EXERCISE REQUIREMENTS
No pictures go into the copy. Write out exactly the lines below from the one containing "NM-2463 – Five" through the one containing "(1)当蜡烛位于a、b、c、".

LISTED RECORDS
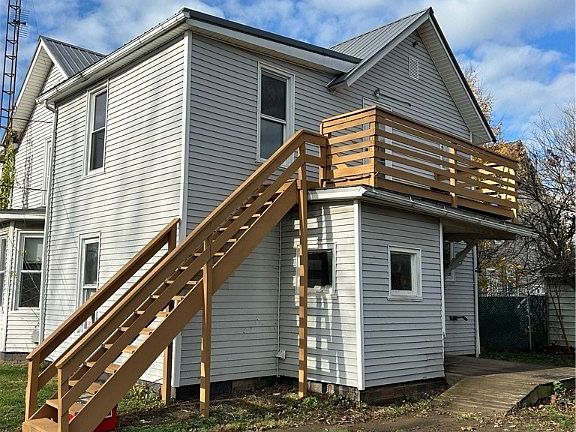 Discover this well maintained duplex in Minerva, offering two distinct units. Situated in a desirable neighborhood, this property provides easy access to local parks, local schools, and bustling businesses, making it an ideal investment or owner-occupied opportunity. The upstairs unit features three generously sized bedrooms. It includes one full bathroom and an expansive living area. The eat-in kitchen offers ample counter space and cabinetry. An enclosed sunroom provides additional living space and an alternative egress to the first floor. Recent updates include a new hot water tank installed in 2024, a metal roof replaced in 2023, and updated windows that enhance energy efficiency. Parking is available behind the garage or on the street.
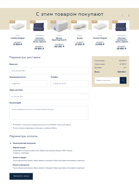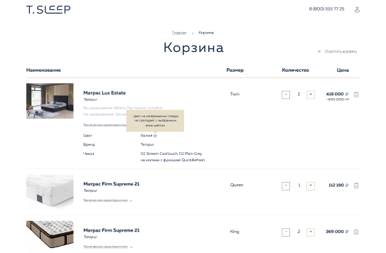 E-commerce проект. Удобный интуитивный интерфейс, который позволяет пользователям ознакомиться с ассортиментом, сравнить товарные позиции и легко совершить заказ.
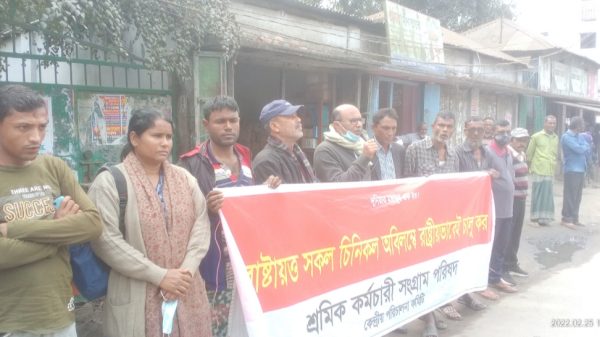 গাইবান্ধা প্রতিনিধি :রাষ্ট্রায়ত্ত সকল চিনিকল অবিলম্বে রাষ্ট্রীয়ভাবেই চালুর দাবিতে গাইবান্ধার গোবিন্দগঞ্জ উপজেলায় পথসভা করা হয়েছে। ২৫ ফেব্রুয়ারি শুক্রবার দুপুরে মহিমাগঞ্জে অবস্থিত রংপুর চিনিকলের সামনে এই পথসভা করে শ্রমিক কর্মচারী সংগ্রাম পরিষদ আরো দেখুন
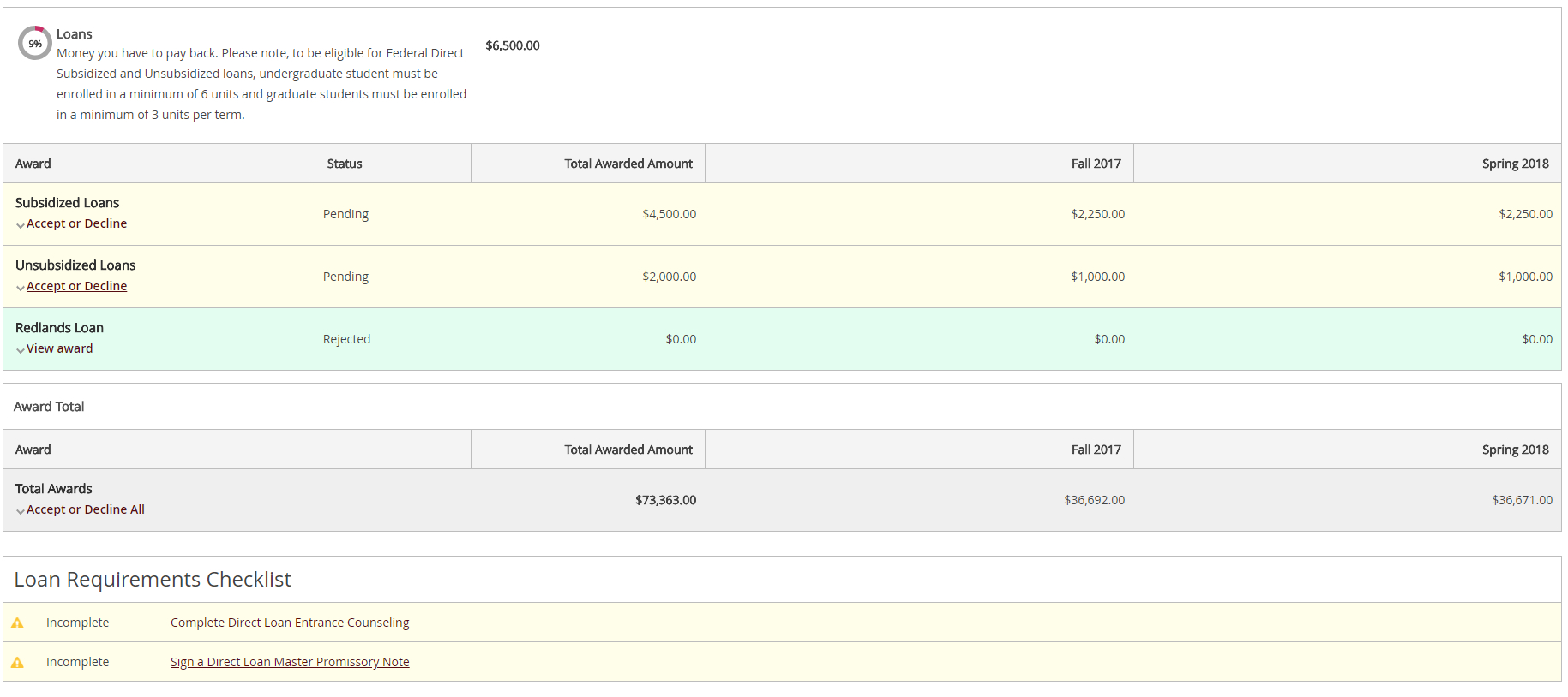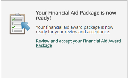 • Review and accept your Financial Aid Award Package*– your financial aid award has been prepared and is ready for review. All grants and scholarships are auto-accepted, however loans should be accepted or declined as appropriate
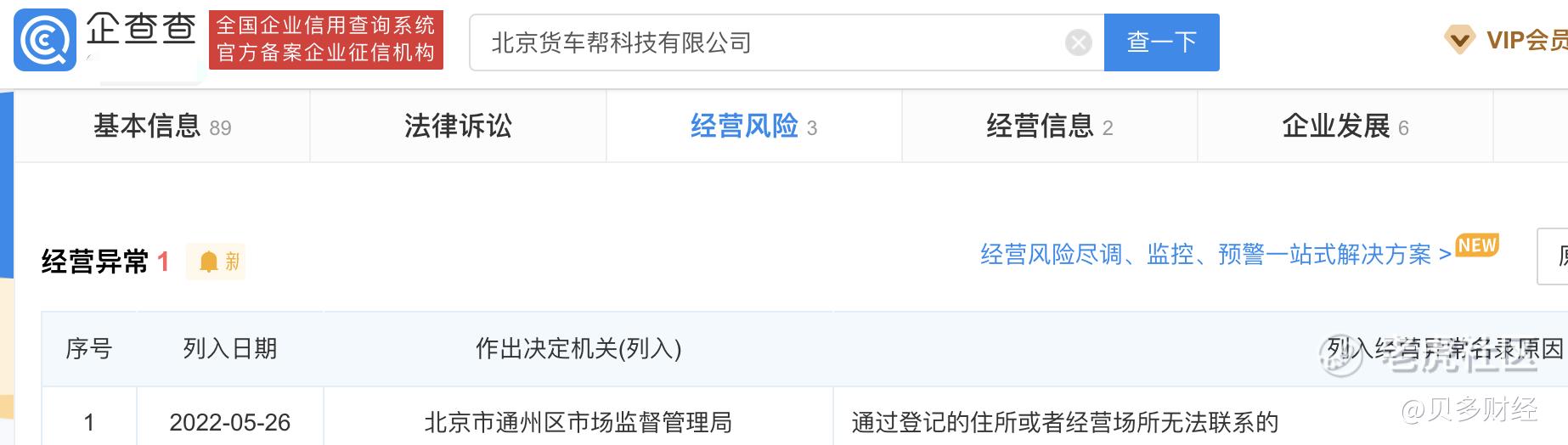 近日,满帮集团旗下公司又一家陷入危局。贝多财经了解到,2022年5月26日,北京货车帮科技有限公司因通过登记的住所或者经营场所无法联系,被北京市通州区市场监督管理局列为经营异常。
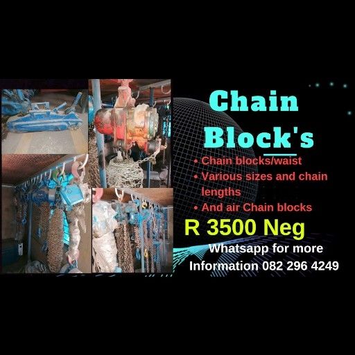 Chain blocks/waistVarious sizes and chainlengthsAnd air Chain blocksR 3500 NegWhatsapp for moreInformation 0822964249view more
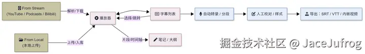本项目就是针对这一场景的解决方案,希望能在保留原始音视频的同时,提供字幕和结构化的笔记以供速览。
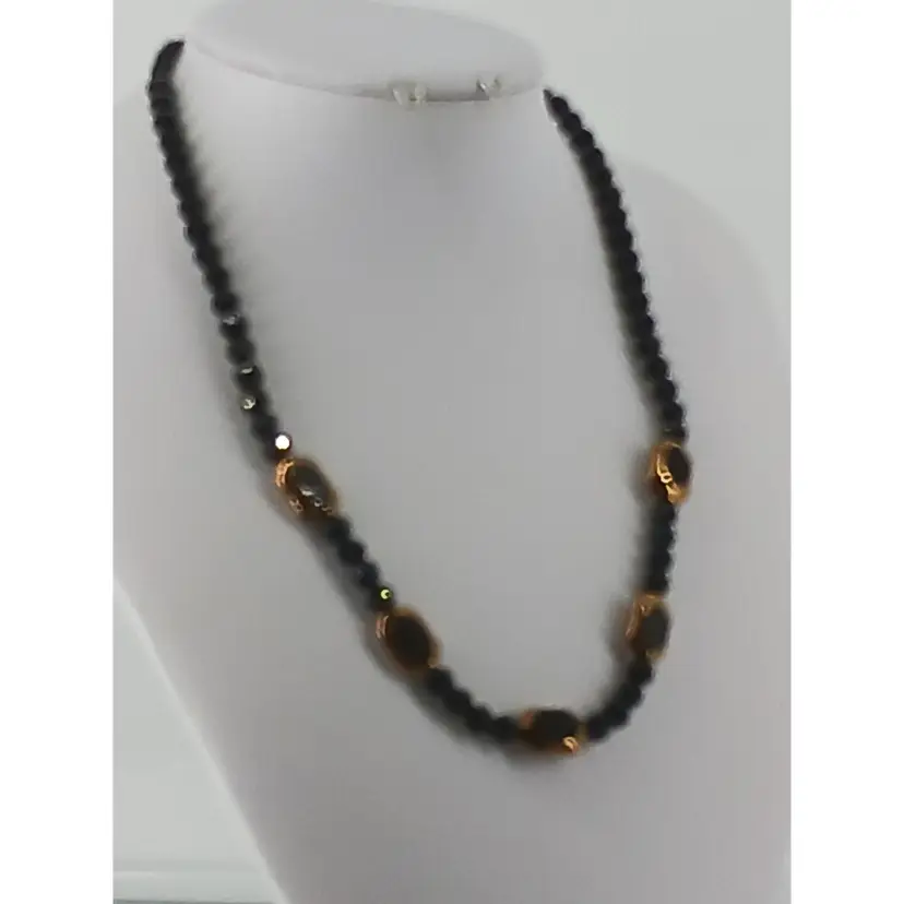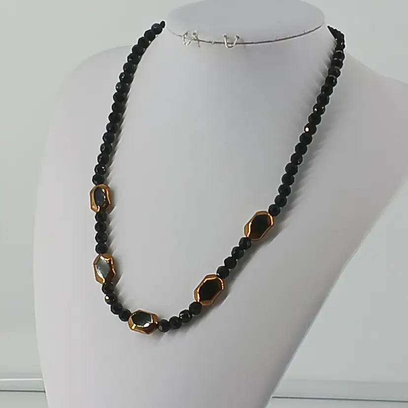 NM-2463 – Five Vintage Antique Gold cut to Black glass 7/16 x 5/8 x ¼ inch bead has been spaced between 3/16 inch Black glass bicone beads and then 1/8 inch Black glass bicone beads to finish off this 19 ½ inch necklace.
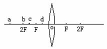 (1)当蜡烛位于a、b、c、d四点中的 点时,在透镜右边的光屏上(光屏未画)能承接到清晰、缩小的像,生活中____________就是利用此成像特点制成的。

...

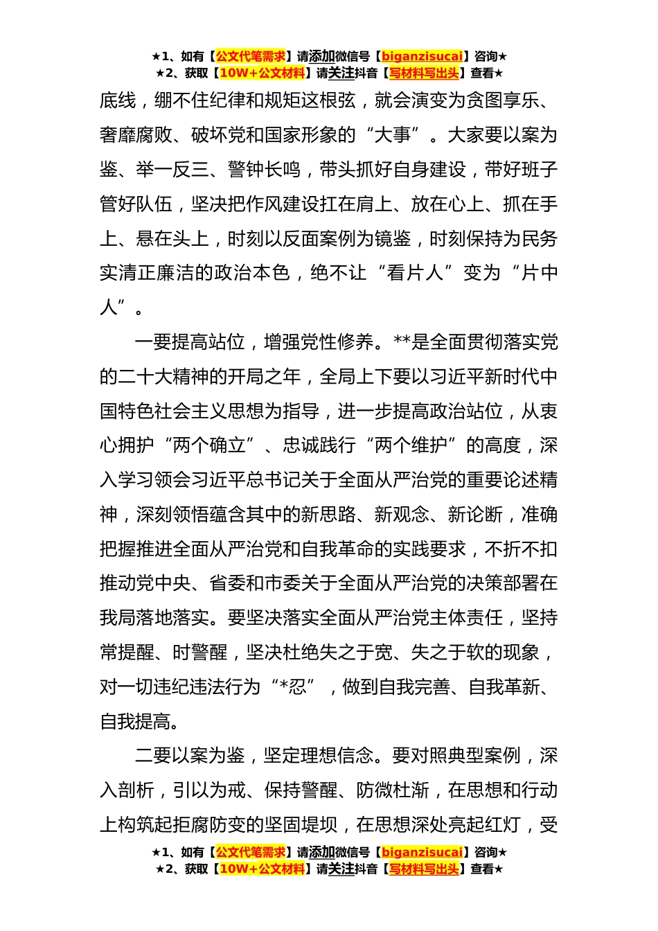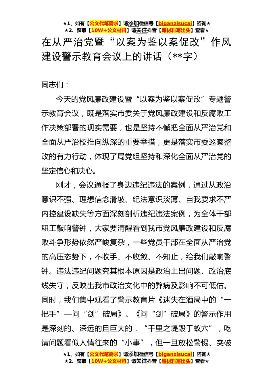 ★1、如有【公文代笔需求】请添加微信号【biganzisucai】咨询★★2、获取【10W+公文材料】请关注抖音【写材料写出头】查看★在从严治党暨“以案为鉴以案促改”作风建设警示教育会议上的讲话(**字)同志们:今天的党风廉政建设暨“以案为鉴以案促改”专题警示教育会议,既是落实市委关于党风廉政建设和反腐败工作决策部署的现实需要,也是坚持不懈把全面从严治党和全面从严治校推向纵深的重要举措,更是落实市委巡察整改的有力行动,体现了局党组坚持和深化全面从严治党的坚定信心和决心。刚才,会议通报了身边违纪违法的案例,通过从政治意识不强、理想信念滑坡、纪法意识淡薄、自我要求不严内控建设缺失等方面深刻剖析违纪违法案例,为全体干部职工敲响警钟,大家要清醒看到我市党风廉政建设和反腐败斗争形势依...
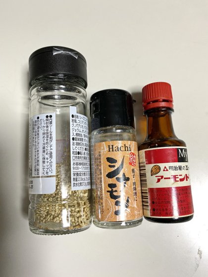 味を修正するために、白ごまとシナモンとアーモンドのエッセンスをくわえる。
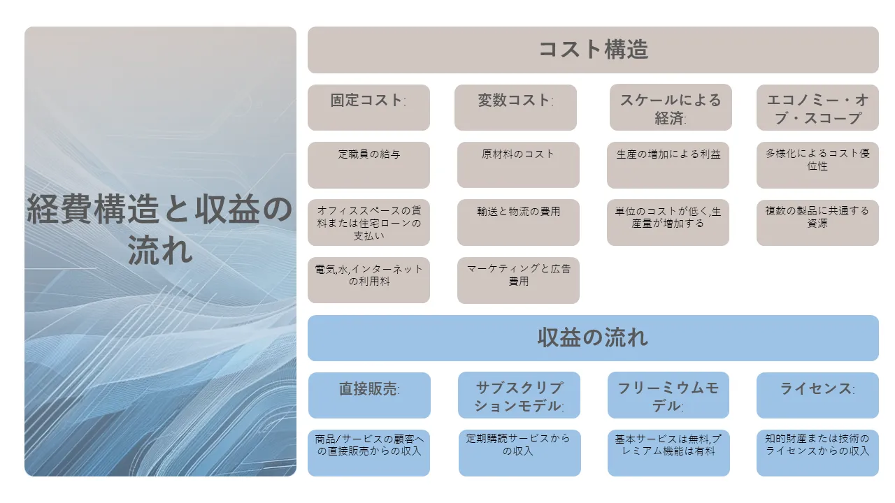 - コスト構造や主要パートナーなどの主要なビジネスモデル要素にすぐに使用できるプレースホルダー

EXERCISE RESULT
 NM-2463 – Five Vintage Antique Gold cut to Black glass 7/16 x 5/8 x ¼ inch bead has been spaced between 3/16 inch Black glass bicone beads and then 1/8 inch Black glass bicone beads to finish off this 19 ½ inch necklace.
 (1)当蜡烛位于a、b、c、d四点中的 点时,在透镜右边的光屏上(光屏未画)能承接到清晰、缩小的像,生活中____________就是利用此成像特点制成的。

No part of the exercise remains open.